Part 3 of 4
About Our Guest: Jim Kouzes is the Dean’s Executive Fellow of Leadership at Santa Clara University and coauthor with Barry Posner of the internationally award-winning and bestselling book, The Leadership Challenge, with more than 2 million copies sold. Jim and Barry have co-authored more than 30 other books, including The Truth About Leadership, Credibility, Encouraging the Heart, and A Leader’s Legacy. The Wall Street Journal named Jim as one of the ten best executive educators in the U.S., and in 2010 he was presented the Thought Leader Award by the Instructional Systems Association and in 2010 through 2012 recognized as one of HR Magazine’s Top 20 Most Influential International Thinkers. – Doctor Duncan
Most good leaders seem to be good storytellers. Can you share a story that illustrates the value of telling stories?

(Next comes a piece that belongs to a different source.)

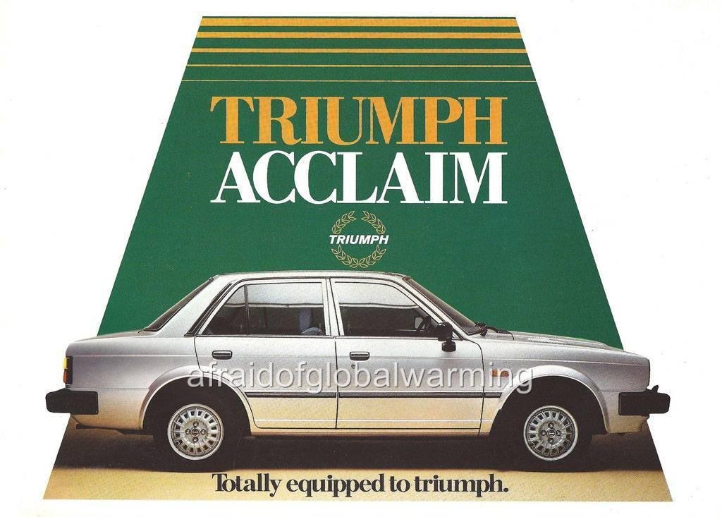 Della “Acclaim” si può dire poco: solo 135.000 unità prodotte (900 a settimana contro una previsione di 1.500), ottima qualità, robustezza, finitura, tenuta di strada ed ottima meccanica. Solo un neo: una tipologia di auto assolutamente in antitesi con la riconoscibilità del Marchio Triumph. A parte questo, fu capace di rappresentare in tutta Europa un primo esempio di eccellenza in un mercato comunque non indifferente, visto l’elenco delle sue avversarie: direttamente le antagoniste a 3 Volumi e 4 porte erano Renault R9, VW Jetta/Audi 80, Fiat 128, Volvo Serie 300; concorrenti per “rango” erano Lancia Delta, Opel Kadett, Talbot Horizon; e le concorrenti “esotiche” erano di già Hyundai Pony e saranno poco dopo Alfa “A.R.N.A.”, Mitsubishi Galant, Mazda 323 FF.

Stories are a powerful tool for teaching people about what’s important and what’s not, what works and what doesn’t, what is and what could be. Through stories, leaders pass on lessons about shared values and get others to work together.
When he was program director of knowledge management for the World Bank, management author Steve Denning learned firsthand how stories can change the course of an organization. After trying all the more traditional ways of getting people to change their behavior, Steve found that simple stories were the most effective means of communicating the essential messages within the organization.

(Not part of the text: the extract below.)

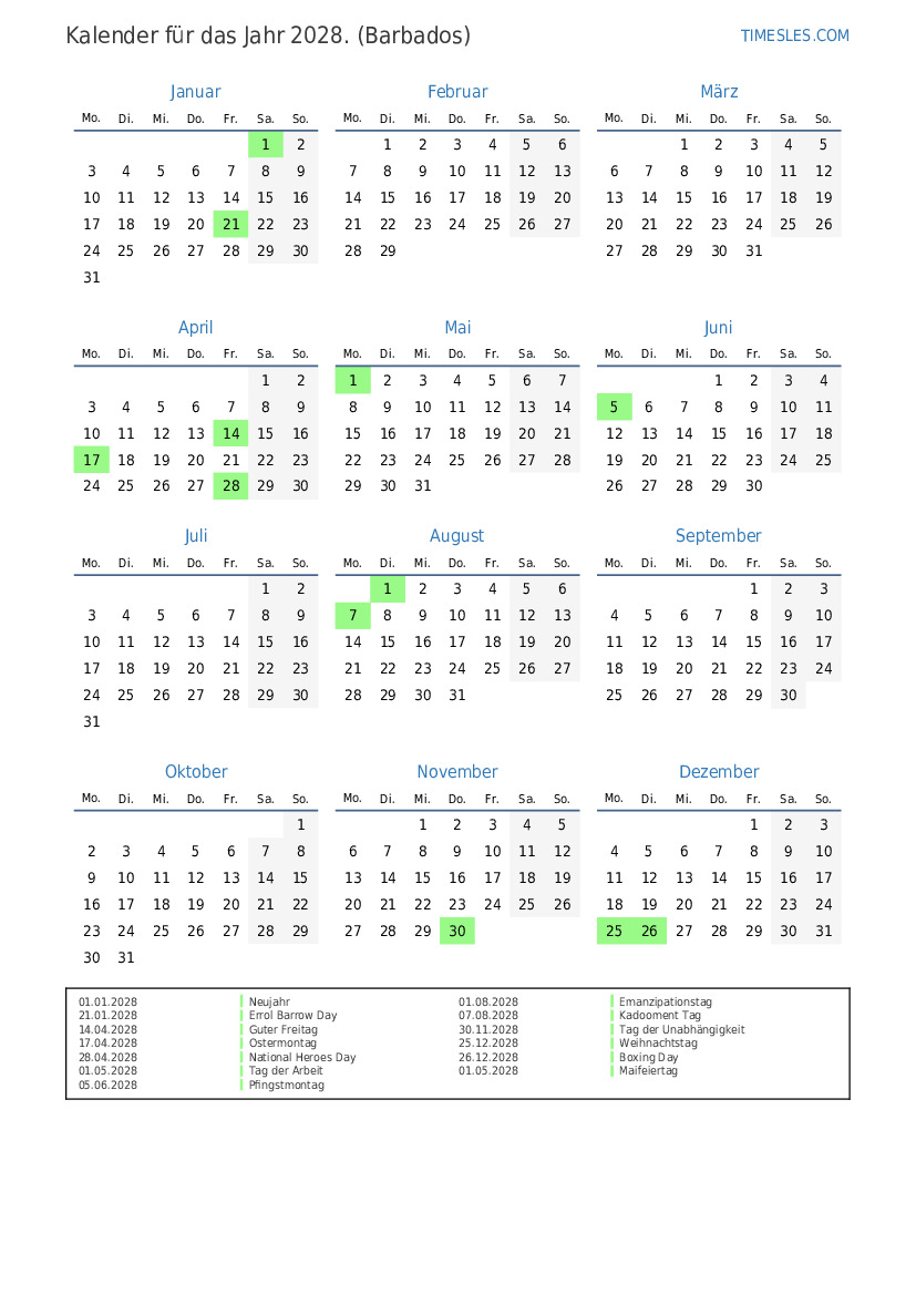 21.01.2028 Errol Barrow Day

“Nothing else worked,” Steve said. “Charts left listeners bemused. Prose remained unread. Dialogue was just too laborious and slow. Time after time, when faced with the task of persuading a group of managers or frontline staff in a large organization to get enthusiastic about a major change, I found that storytelling was the only thing that worked.”
How does storytelling affect the “stickiness” of information—in other words, making it memorable?
In a business climate obsessed with PowerPoint presentations, complex graphs and charts, and lengthy reports, storytelling may seem to some like a soft way of getting hard stuff done. It’s anything but that. Steve’s experience with storytelling is, in fact, supported by the data.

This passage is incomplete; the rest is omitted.